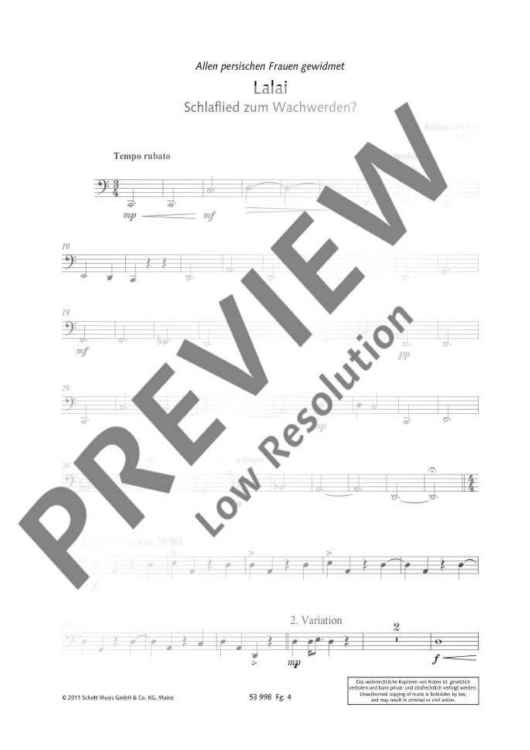 In this composition Barbara Heller uses the song Lalai created in Tehran in 1973. It is a song of resistance against the Shah regime and is about a mother who sings a lullaby to her child and tells the story of its father. Based on this song, Barbara Heller composed the duo 'Lalai, Schlaflied zum Wachwerden?' for violin (violoncello) and piano in 1989 - in memory of 50 Iranian women who were murdered under the regime of Khomeini. 'Lalai' is now available in a version for 4 bassoons for the first time. The composer has arranged the simple charming folk tune and the desperate cries for help for bassoon ensemble with a fine sense of detail. The sonorous sound of the bassoons gives the work its very own sound atmosphere. An impressive work of emotional depth.
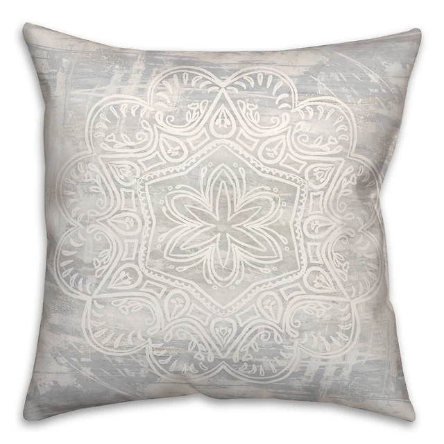 White Textured Medallion I 18" x 18" Throw Pillow
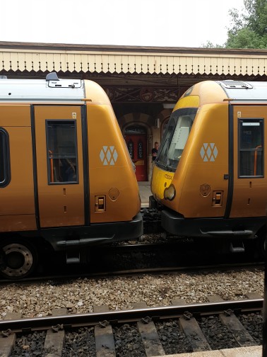 West Midlands Trains wasted no time in using them on the hourly inter-city express from Birmingham to Hereford. These photographs, which were taken by Andrew Smith on Thurday 1st July 2021, show Nos.172004 and 172005 with the 13.50 to Hereford (train code No.1V28).
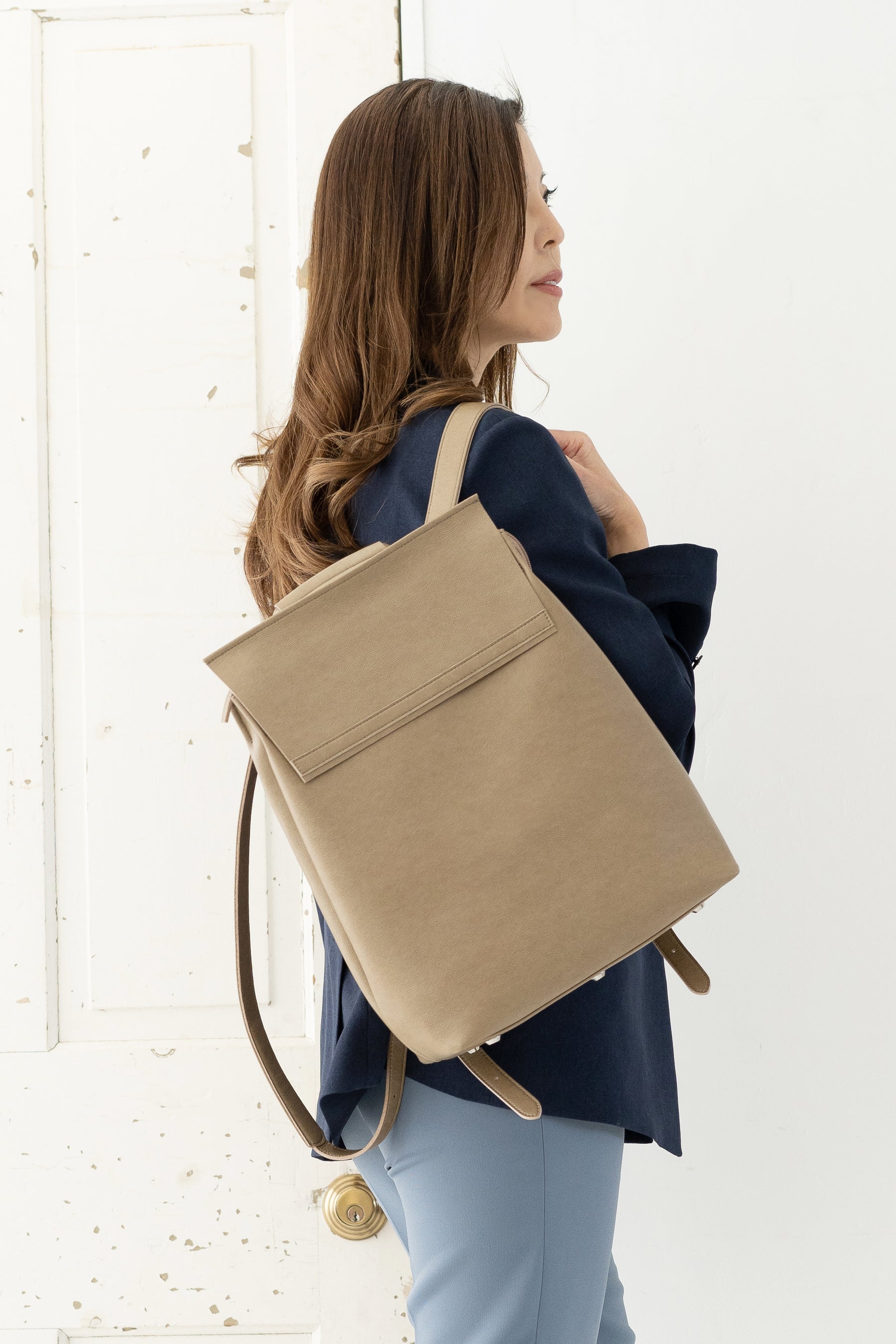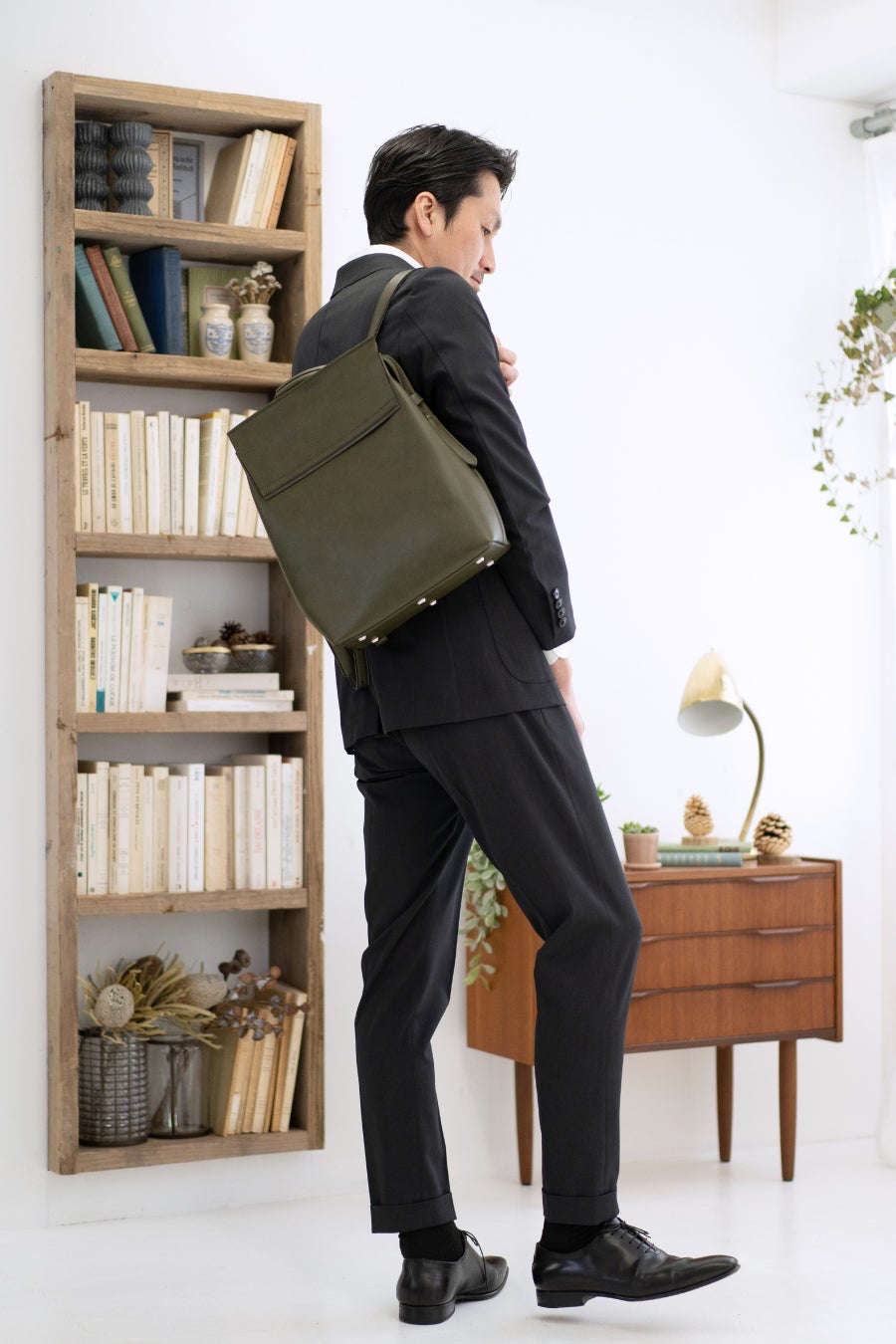 ジャケットとも相性がよいデザインで、ノートパソコンや資料がしっかり収納できるお仕事用のビジネスリュックを、軽量で耐久性の高い日本製のヴィーガンレザーを使用して製作いたしました。
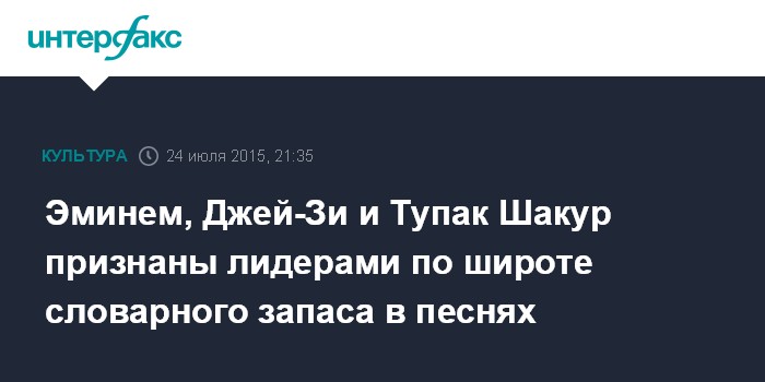 Москва. 24 июля. INTERFAX.RU - Американские рэперы Эминем, Джей-Зи и Тупак Шакур возглавляют список мировых исполнителей, использующих в своих песнях наибольший словарный запас, говорится в исследовании, проведенном базирующимся в Италии специализированным сайтом MusixMatch.
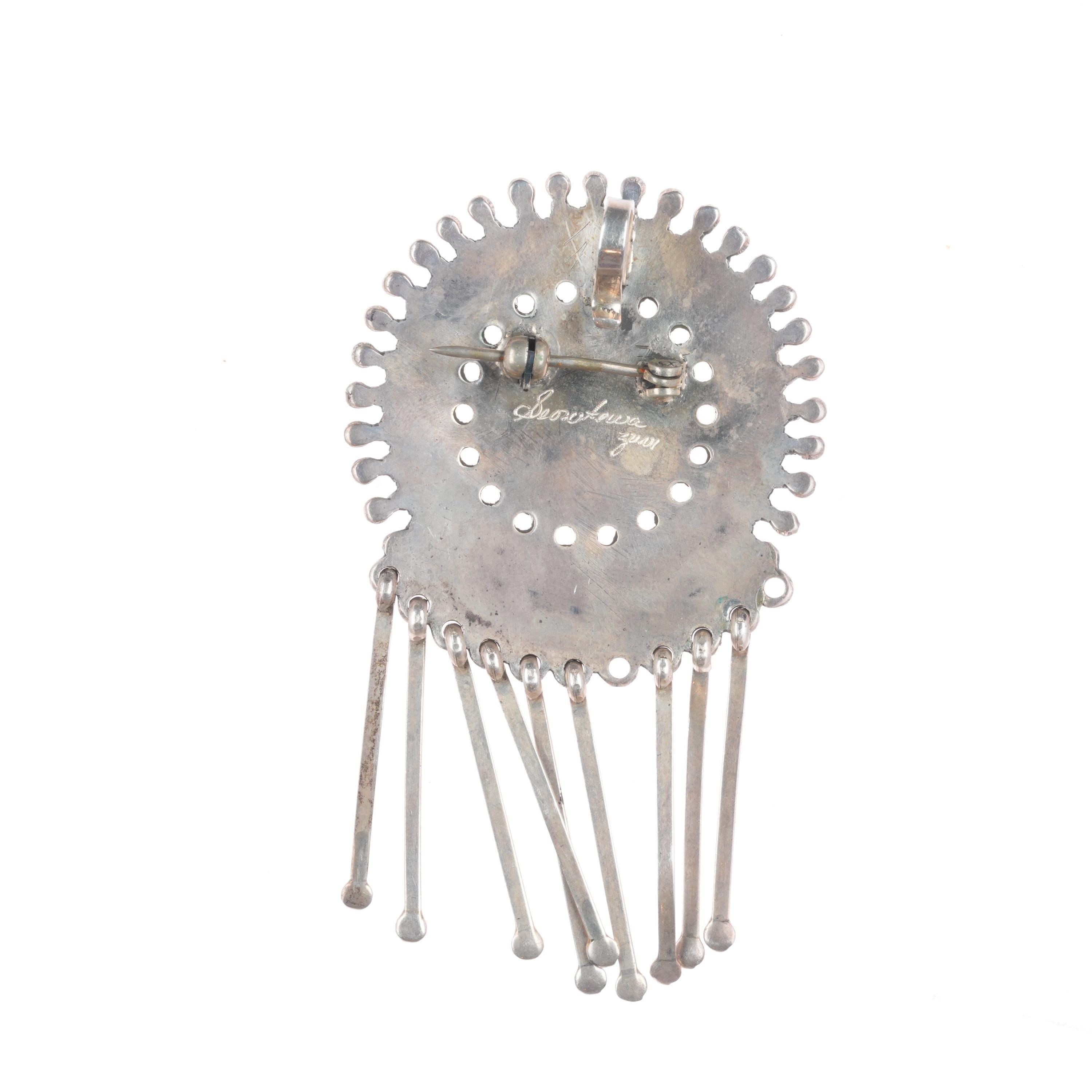 Seowtewa Zuni natural needlepoint turquoise sterling silver cluster pendant/pin, circa last quarter of the 20th century. Selling the pendant shown in good condition with measurements in pictures.
- - - - - - -
▶ **WHAT NEEDS TO BE DONE**
Copy the preceding data in full and word for word, dropping its pictures.

▶ **PROBLEM SOLUTION**
 In this composition Barbara Heller uses the song Lalai created in Tehran in 1973. It is a song of resistance against the Shah regime and is about a mother who sings a lullaby to her child and tells the story of its father. Based on this song, Barbara Heller composed the duo 'Lalai, Schlaflied zum Wachwerden?' for violin (violoncello) and piano in 1989 - in memory of 50 Iranian women who were murdered under the regime of Khomeini. 'Lalai' is now available in a version for 4 bassoons for the first time. The composer has arranged the simple charming folk tune and the desperate cries for help for bassoon ensemble with a fine sense of detail. The sonorous sound of the bassoons gives the work its very own sound atmosphere. An impressive work of emotional depth.
 White Textured Medallion I 18" x 18" Throw Pillow
 West Midlands Trains wasted no time in using them on the hourly inter-city express from Birmingham to Hereford. These photographs, which were taken by Andrew Smith on Thurday 1st July 2021, show Nos.172004 and 172005 with the 13.50 to Hereford (train code No.1V28).
 ジャケットとも相性がよいデザインで、ノートパソコンや資料がしっかり収納できるお仕事用のビジネスリュックを、軽量で耐久性の高い日本製のヴィーガンレザーを使用して製作いたしました。
 Москва. 24 июля. INTERFAX.RU - Американские рэперы Эминем, Джей-Зи и Тупак Шакур возглавляют список мировых исполнителей, использующих в своих песнях наибольший словарный запас, говорится в исследовании, проведенном базирующимся в Италии специализированным сайтом MusixMatch.
 Seowtewa Zuni natural needlepoint turquoise sterling silver cluster pendant/pin, circa last quarter of the 20th century. Selling the pendant shown in good condition with measurements in pictures.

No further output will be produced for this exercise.